LAWFUL CONSIDERATION & LAWFUL OBJECT


In the following cases, the consideration or object of an agreement is unlawful: -
(a) If it is forbidden by law
(b) If it would defeat the provisions of any law
(c) If it is fraudulent
(d) If it involves injury to person or property of another
(e) If Court regards it as immoral or opposed to public policy
Effect – Every agreement of which the object or consideration is unlawful is VOID.
VOID AGREEMENTS – Following agreements are void: -
(a) Agreement without consideration
(b) Agreement in restraint of marriage
(c) Agreement in restraint of trade
(d) Agreement in restraint of legal proceedings
(e) Uncertain agreement

Restraint of marriage – Every agreement in restraint of marriage of any person is VOID.


Restraint can be total or partial - in both the cases – VOID.

Restraint of Trade – Every agreement by which any one is restrained from exercising a lawful
profession, trade or business of any kind, is VOID.
 Exception – Sale of Goodwill (Restriction can be there), Protection of Trade
Secret/Confidential Information agreement.

Restraint of Legal Proceedings – Every agreement purporting to oust the jurisdiction of the courts
is VOID.
 Note – (1) Only absolute restraint is VOID. Partial restraint is valid provided court has
jurisdiction to entertain such case. (Where 2 or more courts have jurisdiction to try a case,
agreement between the parties to choose one court is valid).
(2) Parties by agreement cannot confer jurisdiction on a court which it does not possess.

Uncertain Agreements – Agreements, the meaning of which is not certain or capable of being
made certain, are VOID. (Words & meaning of the agreement must be clear, definite and
unambiguous).

CONTINGENT CONTRACT – Contract that depends upon happening or non-happening of an


event.
Nature of event – (1) Future event (2) Uncertain event (3) Parties have no control over the event.
Effect – VALID

WAGERING AGREEMENT – Agreement in nature of bet or risk is VOID.


Essentials – (1) Future & Uncertain event (2) Parties have no control over the event. (3) Parties
interest – either to win or lose (no other interest involved) (4) Mutual chance of winning or losing.
Exceptions – (a) Horse Racing – whose winning amount is Rs 500 or more (b) State lottery.
Game of Chance/Luck Game of Skill
Games in which chance or luck is involved, it is Games in which skill/mind/intellect is involved,
wagering agreement and VOID in nature. it is valid.

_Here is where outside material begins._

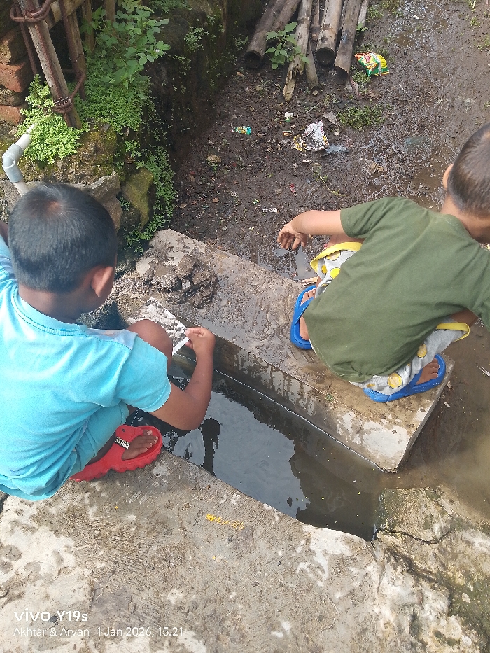 - "Two young boys are squatting on the edge of a concrete water channel, peering into the murky water" by FM-bXIMf1, licensed under CC BY 4.0

E.g., Crossword puzzle

CONSIDERATION – It is price of the promise. Quid pro quo – something in return. It must move
from the promisor. As per Contract law, act, abstinence, promise or money can be consideration for
a promise.
[Note – An agreement without consideration is VOID.]
Kinds of consideration – PAST (has done or abstained from doing), PRESENT (does or abstains
from doing), FUTURE (promises to do or to abstain from doing).
Consideration should be ‘something’ – (a) It must have some value in the eyes of law (b) It must be
real and not illusory (c) Inadequacy is immaterial.
Exceptions (Agreement w/o consideration is VALID) –
(1) Natural love and affection – written & registered – b/w near relatives.
(2) Past voluntary services
(3) Time barred debt
PRIVITY OF CONTRACT – It means a stranger to a contract cannot sue. A contract is a contract
b/w the parties’ only and no third party can sue upon it or can enforce it.
Exceptions – Beneficiaries (for benefit of a third party)

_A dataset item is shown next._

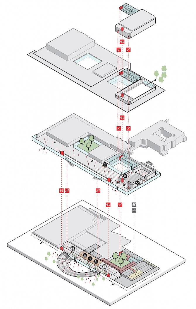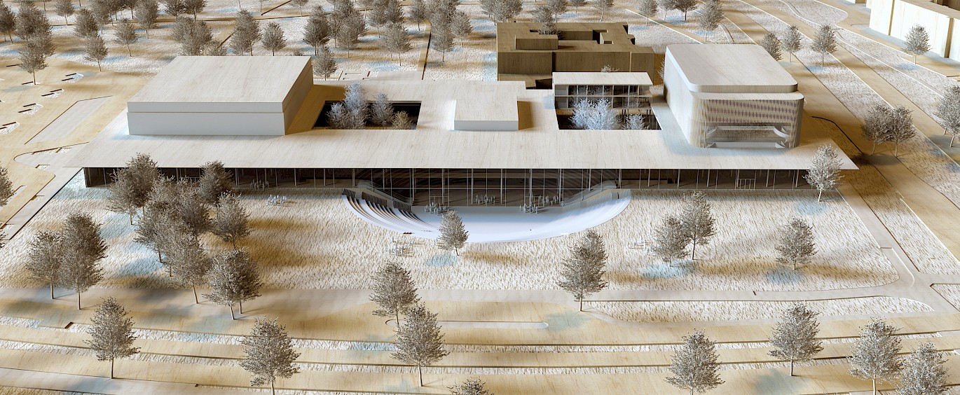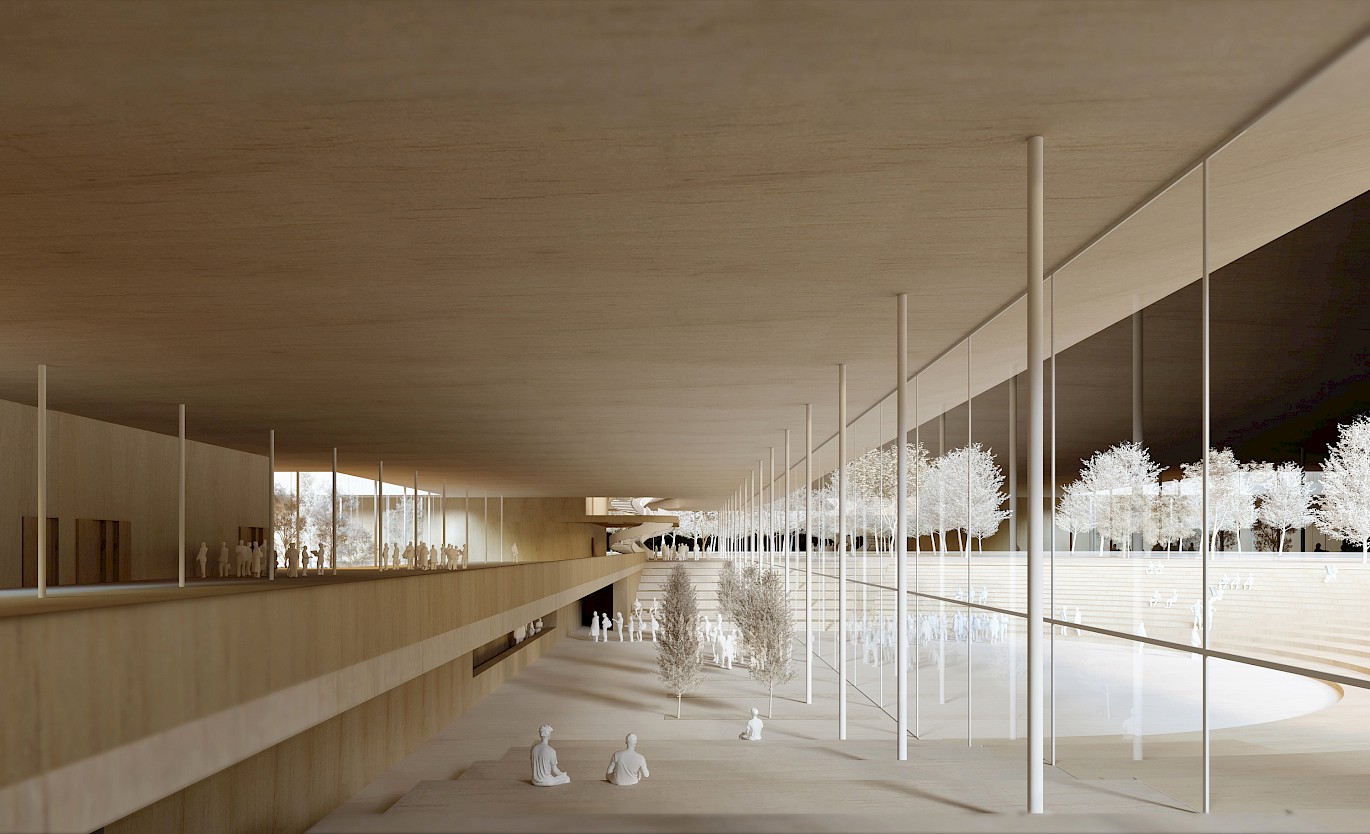 This complex is located in the green park, to which a cultural-historical part will be added on the forecourt; the amphitheater. The entrances to the ensemble are concentrated in the central area of the new building. They are located on the ground floor next to the amphitheater and are connected inside via escalators and elevators to the central cloakroom and toilets or via the amphitheater's external stairs with new entrance doors.

BREACH OF CONTRACT – Remedies are Damages/Compensation, Specific Performance and


Injunction.
When a contract is broken, the aggrieved party is entitled for compensation for any loss or damage
caused to him, which naturally arose in the usual course of things.
Such compensation is not to be given for any remote and indirect loss or damage due to such
breach. [Act/Cause ---- DIRECT NEXUS ---- Consequence/Effect].

INDEMNITY CONTRACT
Indemnity means protection or security against loss. In this contract, one party promises to save the
other from loss caused to him.
Parties: Indemnifier – One who saves from loss or gives protection, Indemnity Holder – One for
whose loss protection is given.
Loss – It must be loss by conduct of human agency only.

GUARANTEE CONTRACT
It is a contract to perform the promise of a third person or to discharge the liability of a third person,
in case of his default.
Parties: There are 3 parties (Surety – Person who gives the guarantee, Principal Debtor – Person
in respect of whose default the guarantee is given, Creditor – Person to whom the guarantee is
given.)

BAILMENT CONTRACT
It is a contract in which delivery of goods by one person to another for some specific purpose, upon
a contract that these goods are to be returned when the specific purpose is complete.

Parties: Bailor - The person who delivers the goods, Bailee - The person who receives the goods.
For example, A delivering his car for service at the service center is an example of bailment.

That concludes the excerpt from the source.